▸ **Prompt**: Print the data exactly as written, line for line, and leave its pictures behind.

▸ **Given material**:

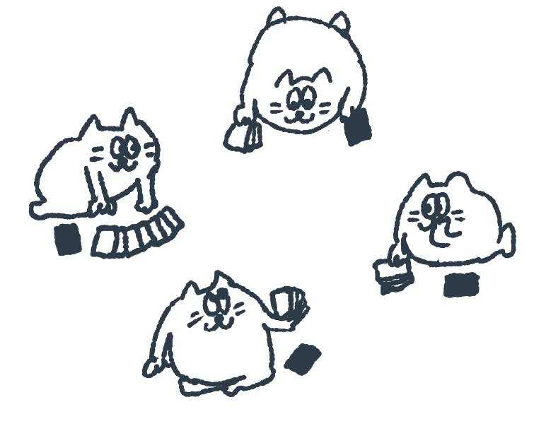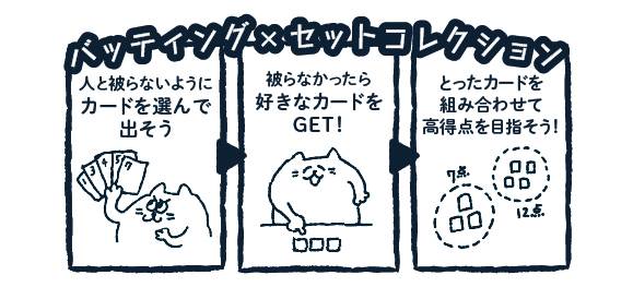 かわいいネコ?が不穏なカードを奪い合う!読み合いの頭脳戦バッティングゲーム
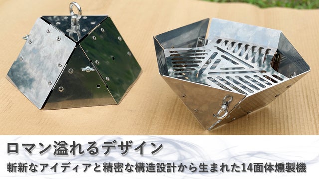 - 「ロマン溢れるデザイン」斬新なアイディアと精密な構造設計から生まれた14面体燻製機!
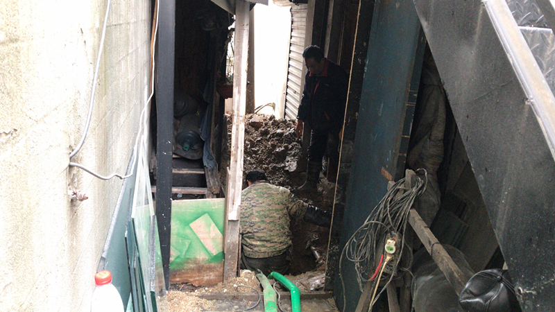 這天上午,用戶來電反映孫武路新藝玻璃店東側(cè)弄堂內(nèi)自來水管爆裂。搶修人員迅速趕到現(xiàn)場,確認為DN100供水管道爆裂。由于破損嚴重,水流已經(jīng)灌入臨近商鋪,搶修人員第一時間關(guān)閉閥門,進行開挖,并聯(lián)系保險公司理賠。
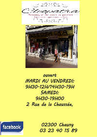 ouvert MARDI AU VENDREDI: 9H30-12H/14H30-19H SAMEDI: 9H30-19H00 2 Rue de la Chaussée, 02300 Chauny 03 23 40 15 89

▸ **Output for this task**:
 かわいいネコ?が不穏なカードを奪い合う!読み合いの頭脳戦バッティングゲーム
 - 「ロマン溢れるデザイン」斬新なアイディアと精密な構造設計から生まれた14面体燻製機!
 這天上午,用戶來電反映孫武路新藝玻璃店東側(cè)弄堂內(nèi)自來水管爆裂。搶修人員迅速趕到現(xiàn)場,確認為DN100供水管道爆裂。由于破損嚴重,水流已經(jīng)灌入臨近商鋪,搶修人員第一時間關(guān)閉閥門,進行開挖,并聯(lián)系保險公司理賠。
 ouvert MARDI AU VENDREDI: 9H30-12H/14H30-19H SAMEDI: 9H30-19H00 2 Rue de la Chaussée, 02300 Chauny 03 23 40 15 89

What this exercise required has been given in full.